You were staring at the floor. “It’s what we do,” you answered. “When our people are sick. You know – Lady Bountiful.”

The jay alighted on the spade outside. I watched it settle its feathers, the lethal action of its beak tempered for grooming. “Look at him,” I whispered. “He’s a beauty.”

Under your breath, as though you had thought about it long and hard, you said my name. I kept my eyes fixed on the jay, black and white and blue in all its wickedness.

“What I said just now … that wasn’t … it wasn’t why I came …” you stammered, “I came because I heard that you were dying.”

I didn’t move. I didn’t stir. I thought I’d frighten you off.

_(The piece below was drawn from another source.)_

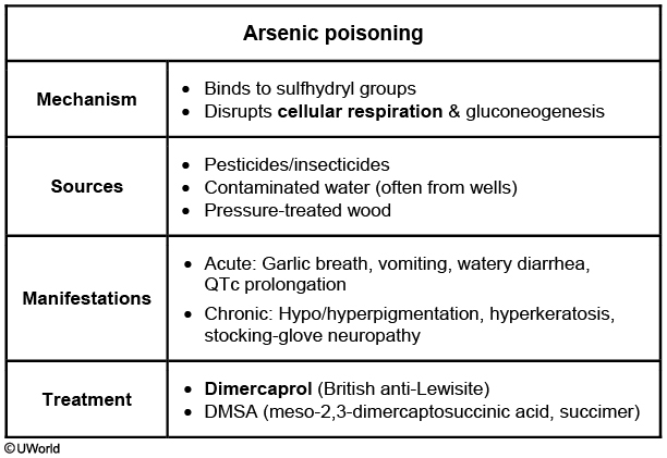 Arsenic is a metalloid element that exists in numerous forms, including both natural and manmade compounds. Although humans are often exposed to low levels through diet and water, toxic exposure is more likely through mining, pesticide manufacturing, metalworking, and working with antique pressure-treated wood preserved with arsenic. Arsenic binding to sulfhydryl groups and interfering with various enzymes is likely responsible for the clinical manifestations of acute and chronic arsenic toxicity.

“I came because I couldn’t –” You hesitated as if your mouth were dry, “… not.”

We moved to the beat of the same wing, turning to face each other, drawing closer, drawing closer until I could feel the rough navy wool at your neck graze against my beard. I was mesmerised by the texture of your skin, the line of your jaw, the contour of your cheek, all the twisting mysteries of your hair.

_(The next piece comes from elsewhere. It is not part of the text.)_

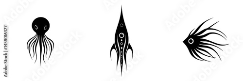 Fototapeta premium Flat black icons of marine life featuring an octopus, a squid, and a fish...

Perhaps I could have kissed you; perhaps I could. I don’t know, now. Maybe each of us was waiting for the other. We stayed like that in tense proximity, almost touching. After a minute you lowered your head and you unwound the muffler as though the effort was exhausting. With both hands you held it over your nose and mouth, breathing in, and above the navy wool your eyes were narrowed blue. You set the muffler on the table and stood up, then walked to the door, where you remained for a moment with your back to me, resting against the frame. The jay flew upwards in alarm, its wings clattering, and you straightened up and without looking round you set off for the house.